Il problema, però, è che oggi
il 25% dei malati di Parkinson non sa di esserlo perché
i sintomi sono leggeri e confondibili con altri, e quindi non hanno ottenuto una diagnosi certa: succede soprattutto ai pazienti nella fascia di età 40-50 anni. Per esempio, la rigidità di un arto viene attribuita a cause quali un’infiammazione articolare, reumatismi, postura scorretta. In realtà possono essere i primi segnali della malattia.
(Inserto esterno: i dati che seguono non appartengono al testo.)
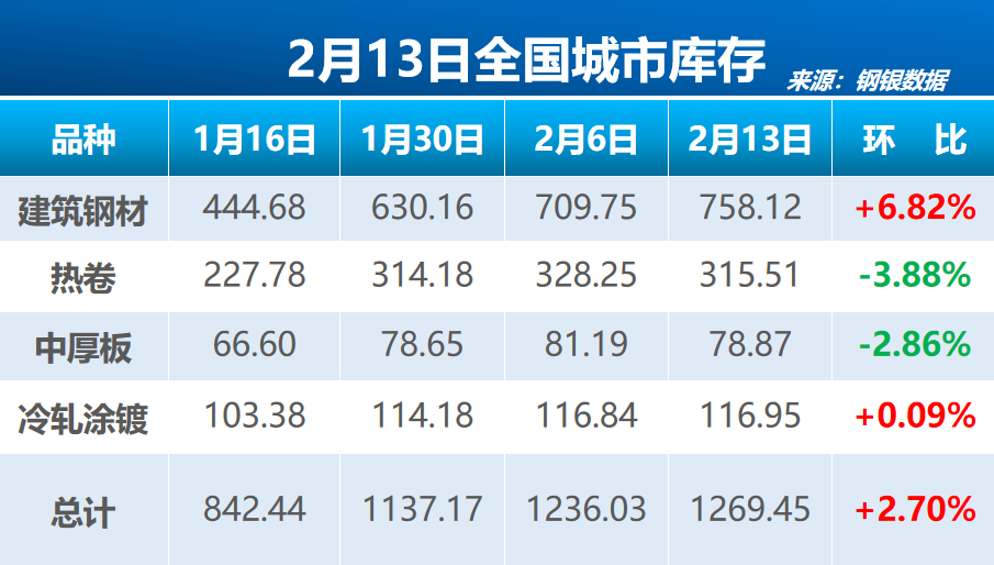 | 钢银电商13日公布数据显示,截至2月13日当周,全国39个城市,共计147个仓库的城市钢铁总库存量为1269.45万吨,环比增加33.42万吨,增幅2.70%。 其中,建筑钢材(包含30个城市,共计88个仓库)库存总量为758.12万吨,环比增加48.37万吨,增幅6.82%。热卷(包含16个城市,共计49个仓库)库存总量为315.51万吨,环比减少12.74万吨,降幅3.88%。中厚板(包含9个城市,共计15个仓库)库存总量为78.87万吨,环比减少2.32万吨,降幅2.86%。冷轧涂镀(包含6个城市,共计15个仓库)库存总量为116.95万吨,环比增加0.11万吨,增幅0.09%。 ![]() (文章来源:新华财经) (责任编辑:admin) |

Il medico di famiglia deve allora abituarsi a pensare anche all’eventualità del Parkinson, nonostante la giovane età del paziente, se i sintomi non trovano sollievo o conferme sulla causa dagli esami.
Il 20% dei pazienti (soprattutto giovani) arriva dal medico solo dopo 2 anni dall’inizio della malattia e deve aspettare in media altri 5-6 mesi per avere la diagnosi definitiva e iniziare la terapia.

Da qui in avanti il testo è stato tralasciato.